10.Cloning and Expression Analysis of HsDXR1 in Huperzia serrata
Hongmei LUO ; Biao LI ; Yulin LIN ; Jingyuan SONG ; Liu HE ; Chao SUN ; Rongtao LI ; Zhigang HU
World Science and Technology-Modernization of Traditional Chinese Medicine 2013;(3):342-348
The transcript encoding 1-deoxy-D-xylulose-5-phosphate reductoisomerase (DXR) was discovered from the transcriptome data of Huperzia serrata. The transcript contained an open reading frame with length of 1,440 bp and coded 479 amino acids. The full length of HsDXR1 had been cloned using RT-PCR method.
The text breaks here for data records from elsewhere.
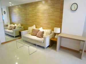 This is one of the charming decorated 1 bedroom unit located at Sukhumvit 50. 42 sqm in size and is on the top 8th floor with city view. The wall is covered with wooden wallpaper with luxurious living area and fully equipped applaince built-in kitchen ready for the tenant to enjot cooking!
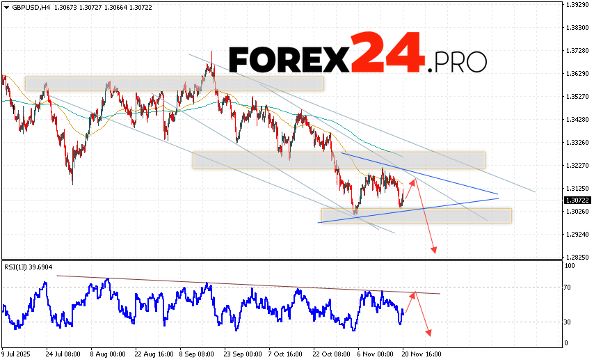 GBP/USD Forecast and Analysis for November 21, 2025 suggests an attempt to develop a bullish correction and test the resistance area near 1.3135. Then, continued decline in quotes with a target near 1.2825. An additional signal in favor of a decline in the British Pound would be a test of the resistance line on the relative strength indicator (RSI). A strong rally in the British Pound against the US Dollar and a breakout of 1.3245 would cancel out the downside scenario. This would indicate a continued rally in the Forex pair, with a potential target above 1.3475.
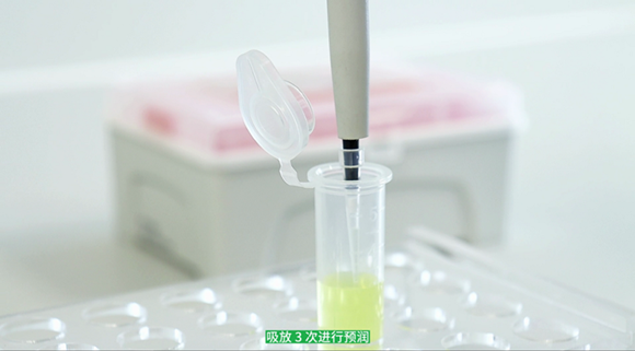 吸液前,先將新的吸頭放進待吸樣本中吸放3次液體進行預潤,在吸頭內(nèi)部形成同質(zhì)膜,提高移液準確度,保持一致的重復性。
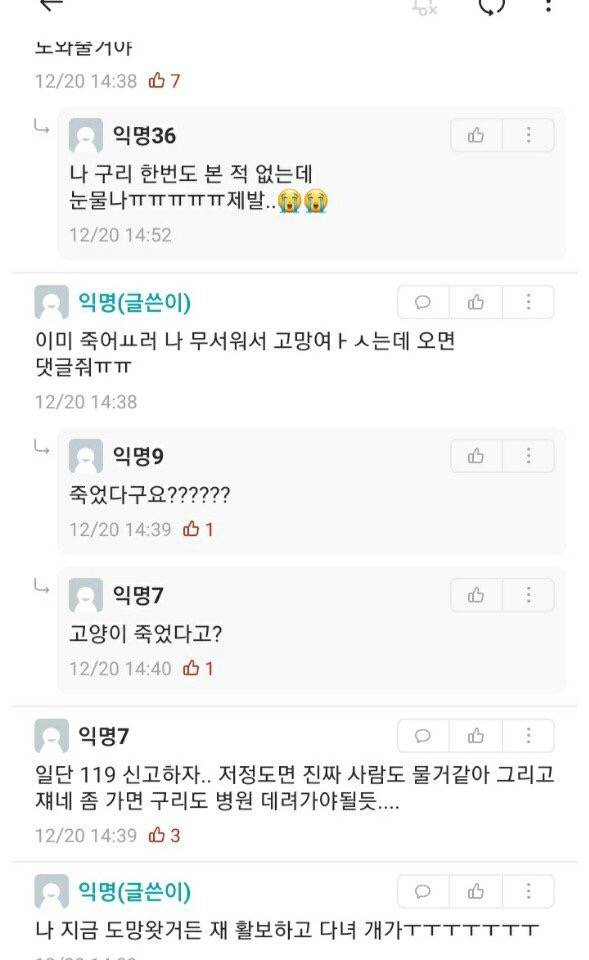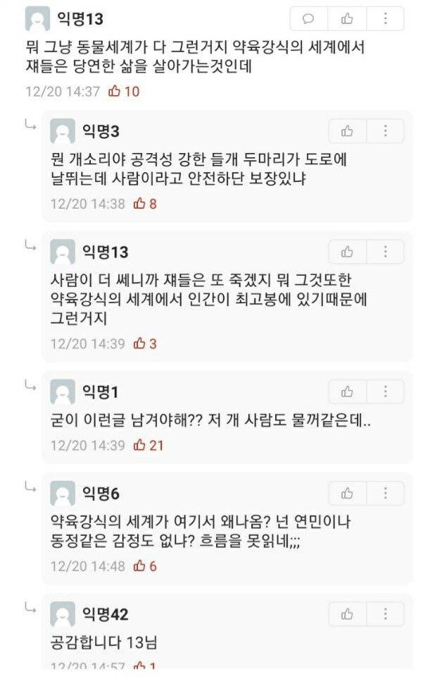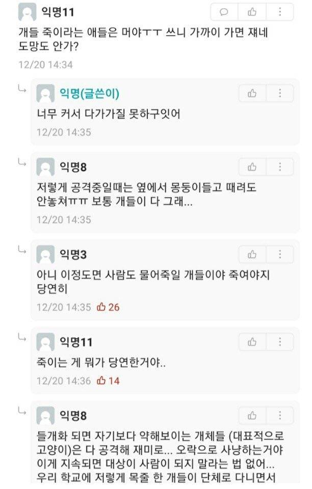 이후엔 고양이를 죽이고 활보하는 개를 피해 도망을 쳤다고 한다.
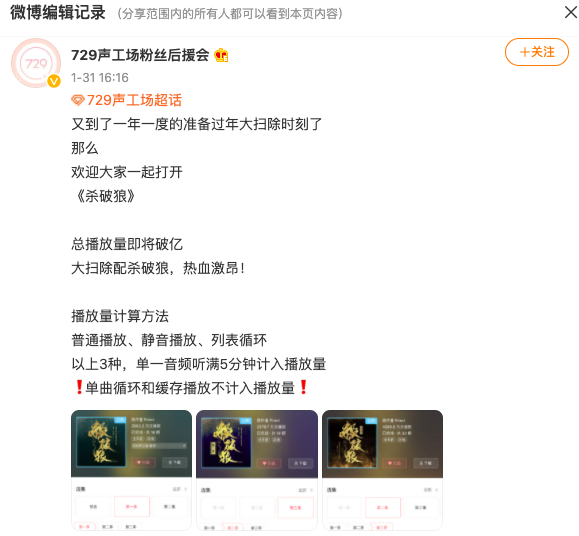在此基礎上,前台播放數據的可信度也需要留意。今年年初,729聲工場粉絲後援會在為廣播劇《殺破狼》打榜期間,無意透露貓耳FM後台播放量統計規則。也就是説,一些看似播放數據喜人的廣播劇,多少摻雜了粉絲打開免費試聽劇集“刷量”的努力。

Ac-cording the bioinformatic analysis, the molecular weight of HsDXR1 protein was 51.4961 kDa and the pI was 6.44. No signal peptide and transmembrane site was discovered in HsDXR1, and the protein was most likely to be located in chloroplast. HsDXR1 had the same domain similar to the DXR protein of Arabidopsis and Oryza sativa. The expression level of HsDXR1 was most abundantly in H. serrata stem, followed by root and leaf. This study cloned and analyzed HsDXR1 gene from H. serrata for the first time. The result will provide a foundation for exploring the mechanism of terpene biosynthesis in H. serrata plants.